In the context of the abovementioned encroachments on the historic event, an incident in the town of Ivanteyevka of the Moscow region looks like a childish prank. A street banner bearing a St. George’s Ribbon and the inscription “They fought for the Motherland!” depicted the crew of a German Junkers Ju 88 bomber. The head of the town administration showed signs of distress, apologized profusely, and promised to punish those responsible.

The Russian Federal Space Agency’s (Roscosmoz) failure to properly launch the cargo spacecraft Progress doesn’t look that impressive either. Bound for the International Space Station, the unmanned ship was carrying a copy of the Banner of Victory, among other things. But it failed to deliver its cargo when it missed its target by about thirty kilometers. There have been no consequences as of yet, save rumors about the possible dismissal of Deputy Prime Minister Dmitri Rogozin.

It’s surprising watchful patriots didn’t make a bigger deal out of this incident. Cargo ships, space, course deviation, mistakes, lack of discipline, saboteurs, spies, enemies of the people—there is enough material there for yet another wave of patriotic hysteria. After all, even toys can serve as a basis for a criminal case!

Which is to say, it was recently discovered that the Central Children’s Store on Moscow’s Lubyanka Square, having just reopened after years of renovations, was selling plastic toy soldiers clothed in SS uniforms. After all, “Soviet” toy soldiers do need someone to fight against! The Prosecutor’s Office considered the plastic Nazi soldiers to be an insult to war veterans. All sets containing the offending toy soldiers were removed from the shelves. A criminal case was launched against the store in accordance with the article of the Criminal Code of the Russian Federation on “extremism.”

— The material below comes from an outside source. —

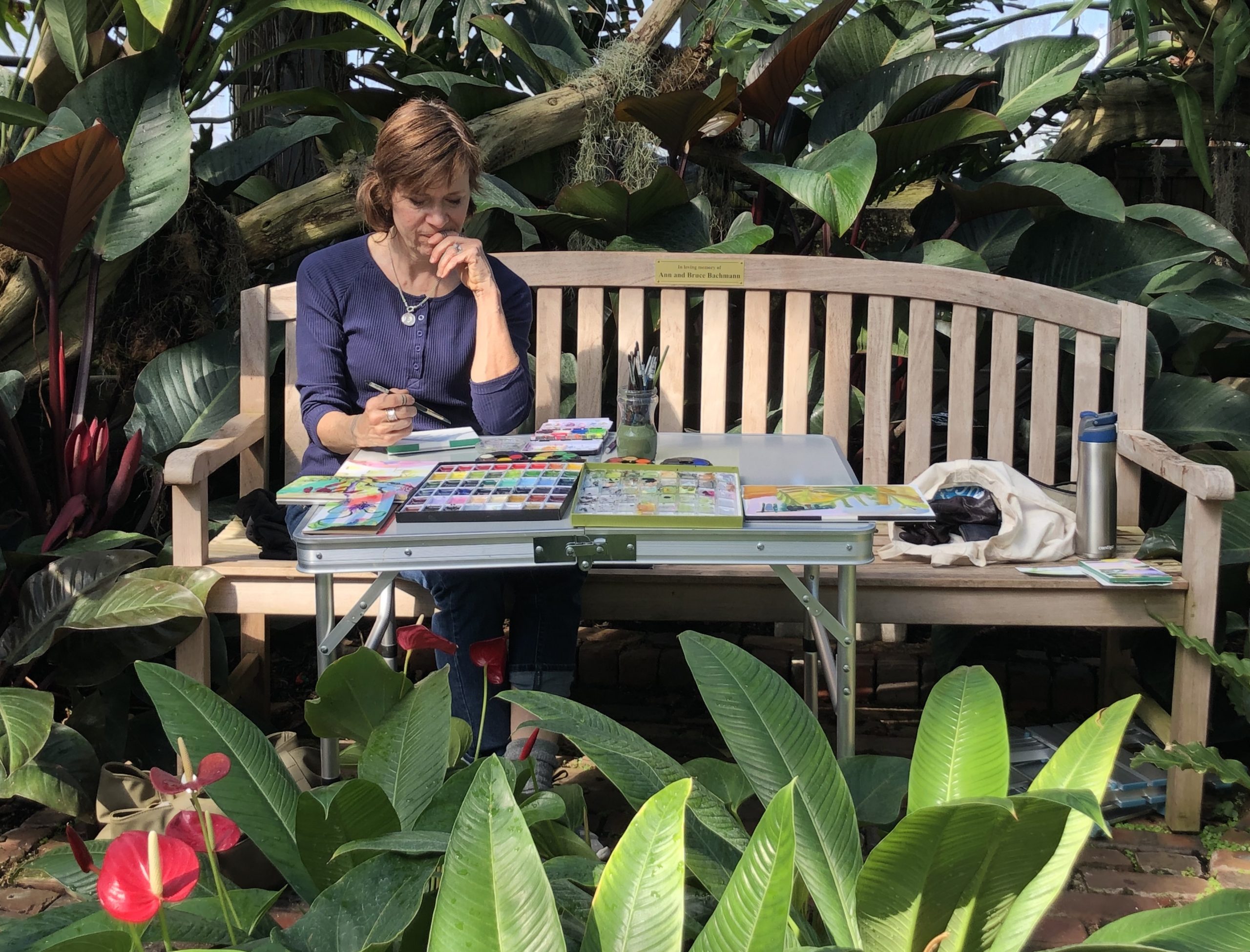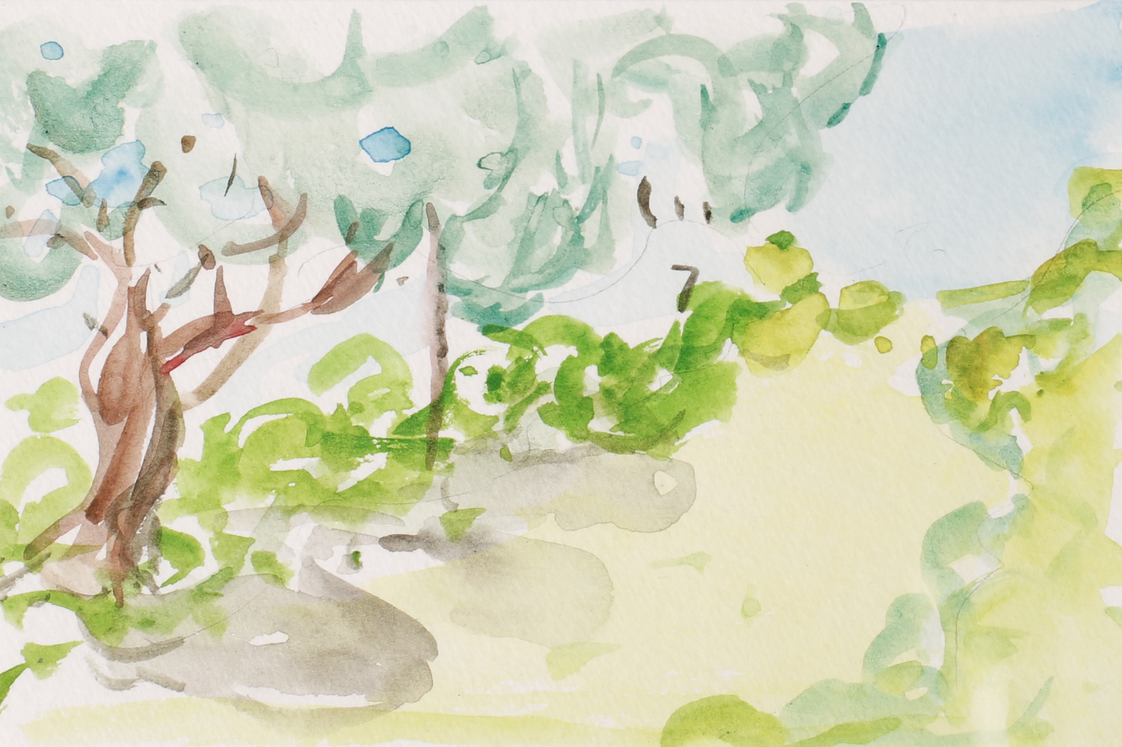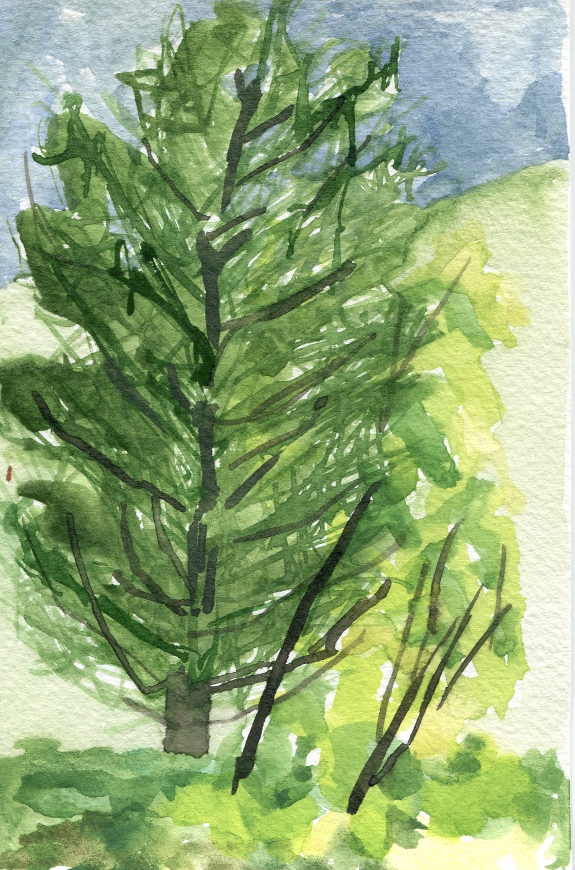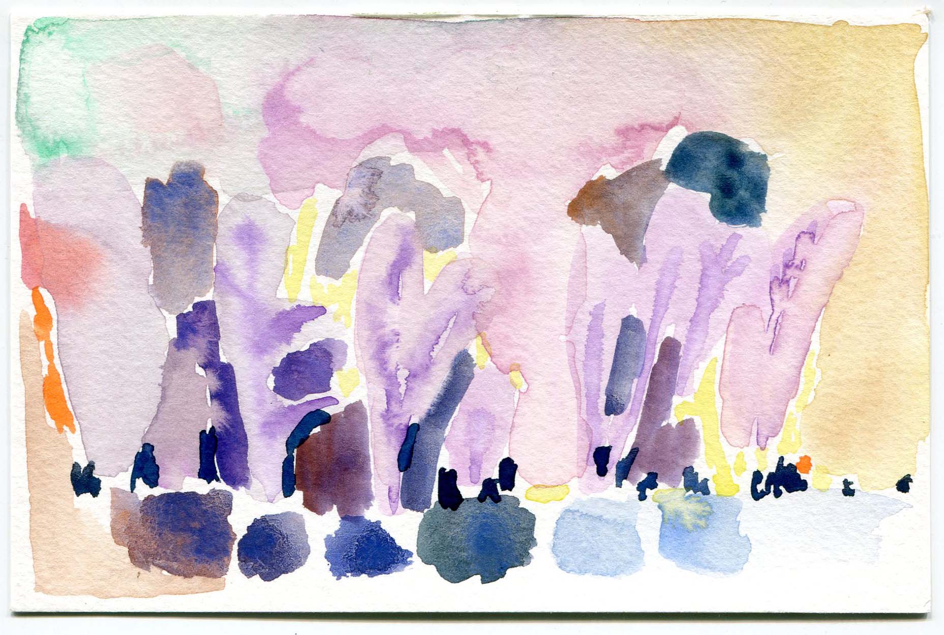 Watercolor painting outside with Leslie was like dying wood pulp, while walking backwards through light and time in the forest….Janet. A chance to slow down and look. To connect the eye with my hand. To observe color in natural light and translate through the brush.
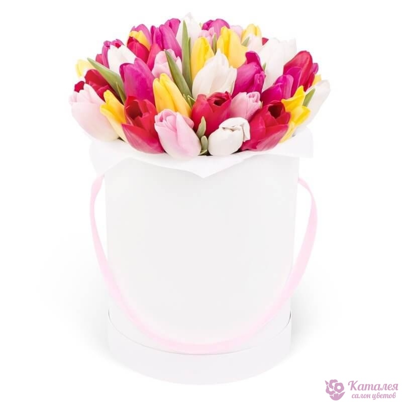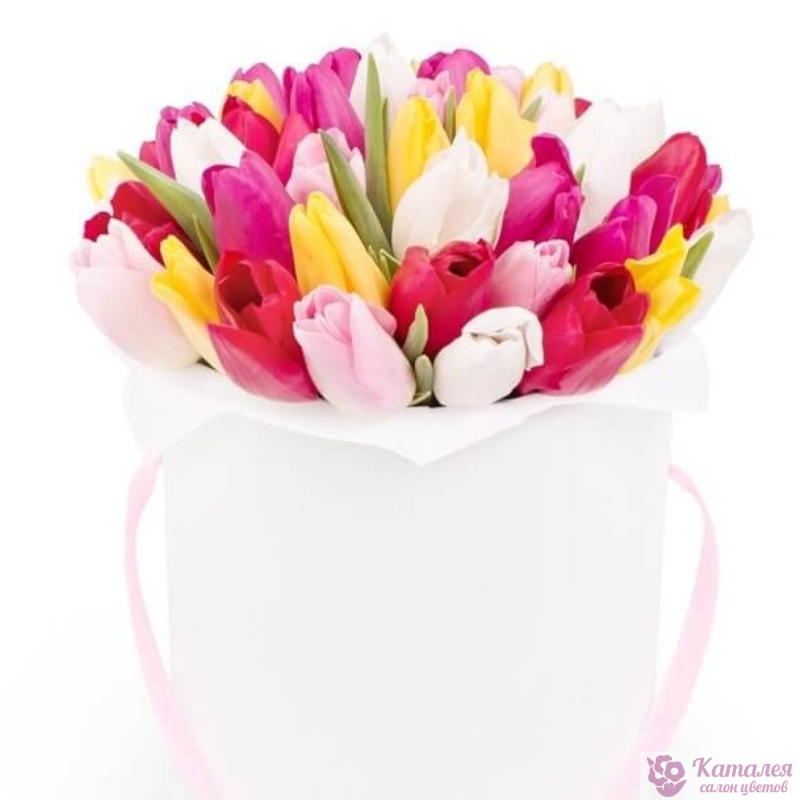 Букет состоит из MIX из 35 тюльпанов, коробка, оазис.

The madness that engulfed a considerable segment of the country’s population in the run-up to the 70th anniversary of the defeat of Nazi Germany is quite understandable. Authorities at all levels seek to use the military victory as the basis for a national idea, while Russian citizens, being ideologically inexperienced, are merely trying to imitate the authorities—some sincerely, and others as a joke.

The authorities would do well to remember that in Soviet times, numerous jokes about Vasili Ivanovich Chapayev appeared when Soviet television began showing the film Chapayev on a monthly basis. Or that the country was rolling with laughter at jokes about Lenin while the Soviet government was preparing for the celebration of the 100th anniversary of his birth.

They should remember this and stop. They should not turn the victory achieved seventy years ago into a cheap show performed high on patriotic fumes, but should instead find and bury the remains of those killed in that war—remains still scattered throughout the woods and fields—and remember in mournful silence all those who perished.

But they will not stop. They feel no genuine grief, and so the show will go on.